Congratulations to Steve Arrison (3 wins, 3 places), Jim Staub (2 wins, 2 places) and Lawrence Kahlden—each of whom earned $3,000 entries to the popular, Jim Goodman-run competition.

The lower entry fee certainly played a role but the Orleans Fall Classic entry-only qualifier on Sunday actually did Keeneland one better—it had four winners.

John Vogel’s total of $89.00 led the way. It was built on three firsts and three seconds.

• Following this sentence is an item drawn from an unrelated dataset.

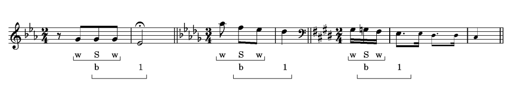 Distinct gestures such as, for example, the motif of Beethoven’s Fifth Symphony, the opening gesture of Tchaikovsky’s Piano Concerto in B-flat, or the first gesture of the “Odeon” Brazilian choro, share a common characteristic – the strongest and longest note is located at the end of the gesture, and the upbeat forms a structure with three notes of equal durations, with a weak-Strong-weak profile. We say that this phrase as a whole is iambic (weak-Strong), with the weak part subdivided into an amphibrachic structure (weak-Strong-weak). This profile is encoded as [b1], where the letter b represents the subdivided structure (weak-Strong-weak) located in the weak part of the profile, and the number 1 represents the strong part at the end of the gesture.

Vogel will be joined at The Orleans by Ben Clayton, John Gamane and Muggsy Kreiser (as long as Kreiser still has some vacation days left).

You never need vacation days to play online here at HorseTourneys. (You just need a quick trigger finger to toggle over to a different screen should the boss walk by.) A bunch of you won last weekend, which is a nice thing. And we say “Thank you” to everyone who played.

Next week’s schedule promises to be even more exciting thanks to the presence of a special $40,000 Guaranteed Road to the Cup cash tourney on Saturday with Keeneland, Belmont and Santa Anita all figuring to have prominent roles in the outcome. We hope to see you there.